After encoding process is finished, the following files will be generated.
file1: [model file name]
This is model meta data file. It contains model's global parameters, feature templates, output tags and so on.
file2: [model file name].feature
This is feature set lexical dictionary file. It contains all features's strings and corresponding ids. For high performance, it's built by double array tri-tree. In debug mode, [model file name].feature.raw_text which saves lexical dictionary in raw text will be generated.
file3: [model file name].alpha
This is feature set weight score file. It contains all features' weight score.

Decode model

This mode is used to decode and test encoded model. Besides -decode parameter, there are some other required and optional parameters:
CRFSharpConsole.exe -decode
-modelfile : The model file used for decoding
-inputfile : The input file to predict its content tags
-outputfile : The output file to save predicted result
-nbest : Output n-best result, default value is 1
-prob : output probability, default is not output

Here is an example:
CRFSharpConsole.exe -decode -modelfile ner.model -inputfile ner_test.txt -outputfile ner_test_result.txt -nbest 5 -prob

Shrink model

Encoded model with L1 regularization is usually a sparse model. Shrink parameter is used to reduce model file size. With -shrink parameter, the command line as follows:
CRFSharpConsole.exe -shrink [Encoded CRF model file name] [Shrinked CRF model file name] [thread num]
An example as follows:
CRFSharpConsole.exe -shrink ner.model ner_shrinked.model 16
This example is used to shrink ner.model files and the working thread is 16.

Incremental training

For some complex tasks, encoding model is timing-cost. With "-retrainmodel " option and updated training corpus (both old and new training corpus), CRFSharp supports to train model incrementally and compared with full training, incremental training is able to save lots of time. There is an example:
CRFSharpConsole.exe -encode -template template.1 -trainfile ner_new.train -modelfile ner_new.model -retrainmodel ner.model -maxiter 100 -minfeafreq 1 -mindiff 0.0001 -thread 4 –debug

Feature templates

CRFSharp template is totally compatible with CRF++ and used to generate feature set from training and testing corpus.

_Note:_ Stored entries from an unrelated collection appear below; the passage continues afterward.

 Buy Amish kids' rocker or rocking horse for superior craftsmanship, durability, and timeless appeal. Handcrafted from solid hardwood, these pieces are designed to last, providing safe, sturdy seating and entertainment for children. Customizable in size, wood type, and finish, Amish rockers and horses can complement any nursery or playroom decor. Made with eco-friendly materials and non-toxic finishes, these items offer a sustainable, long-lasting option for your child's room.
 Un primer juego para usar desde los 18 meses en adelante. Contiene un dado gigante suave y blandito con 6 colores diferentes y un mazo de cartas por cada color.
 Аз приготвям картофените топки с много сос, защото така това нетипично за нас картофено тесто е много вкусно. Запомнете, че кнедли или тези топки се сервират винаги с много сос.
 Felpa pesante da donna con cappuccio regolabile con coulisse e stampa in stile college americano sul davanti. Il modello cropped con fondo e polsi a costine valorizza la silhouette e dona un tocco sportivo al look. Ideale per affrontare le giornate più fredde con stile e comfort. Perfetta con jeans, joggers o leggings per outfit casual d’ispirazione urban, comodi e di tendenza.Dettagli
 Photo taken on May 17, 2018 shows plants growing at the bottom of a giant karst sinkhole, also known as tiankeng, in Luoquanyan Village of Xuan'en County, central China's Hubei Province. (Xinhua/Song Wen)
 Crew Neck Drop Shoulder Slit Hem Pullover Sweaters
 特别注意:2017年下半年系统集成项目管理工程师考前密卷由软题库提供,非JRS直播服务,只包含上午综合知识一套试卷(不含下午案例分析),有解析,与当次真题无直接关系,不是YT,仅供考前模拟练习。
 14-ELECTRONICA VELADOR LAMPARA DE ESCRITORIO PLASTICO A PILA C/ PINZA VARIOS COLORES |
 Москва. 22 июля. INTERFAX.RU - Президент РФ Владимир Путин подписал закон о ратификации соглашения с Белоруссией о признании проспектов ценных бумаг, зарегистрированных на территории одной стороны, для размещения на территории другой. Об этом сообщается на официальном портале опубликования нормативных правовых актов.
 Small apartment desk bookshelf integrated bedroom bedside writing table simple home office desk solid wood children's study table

In template file, each line describes one template which consists of prefix, id and rule-string. The prefix is used to indicate template type. There are two prefix, U for unigram template, and B for bigram template. Id is used to distinguish different templates. And rule-string is used to guide CRFSharp to generate features.

The rule-string has two types of form, one is constant string, and the other is macro. The simplest macro form is {“%x[row,col]”}. Row specifies the offset between current focusing token and generating feature token in row. Col specifies the absolute column position in corpus. Moreover, combined macro is also supported, for example: {“%x[row1, col1]/%x[row2, col2]”}. When generating feature set, macro will be replaced as specific string. A template file example as follows:

# Unigram
U01:%x[-1,0]
U02:%x[0,0]
U03:%x[1,0]
U04:%x[-1,0]/%x[0,0]
U05:%x[0,0]/%x[1,0]
U06:%x[-1,0]/%x[1,0]
U07:%x[-1,1]
U08:%x[0,1]
U09:%x[1,1]
U10:%x[-1,1]/%x[0,1]
U11:%x[0,1]/%x[1,1]
U12:%x[-1,1]/%x[1,1]
U13:C%x[-1,0]/%x[-1,1]
U14:C%x[0,0]/%x[0,1]
U15:C%x[1,0]/%x[1,1]
# Bigram
B

In this template file, it contains both unigram and bigram templates. Assuming current focusing token is “York NNP E_LOCATION” in the first record in training corpus above, the generated unigram feature set as follows:

U01:New
U02:York
U03:are
U04:New/York
U05:York/are
U06:New/are
U07:NNP
U08:NNP
U09:are
U10:NNP/NNP
U11:NNP/VBP
U12:NNP/VBP
U13:CNew/NNP
U14:CYork/NNP
U15:Care/VBP

Although U07 and U08, U11 and U12’s rule-string are the same, we can still distinguish them by id string.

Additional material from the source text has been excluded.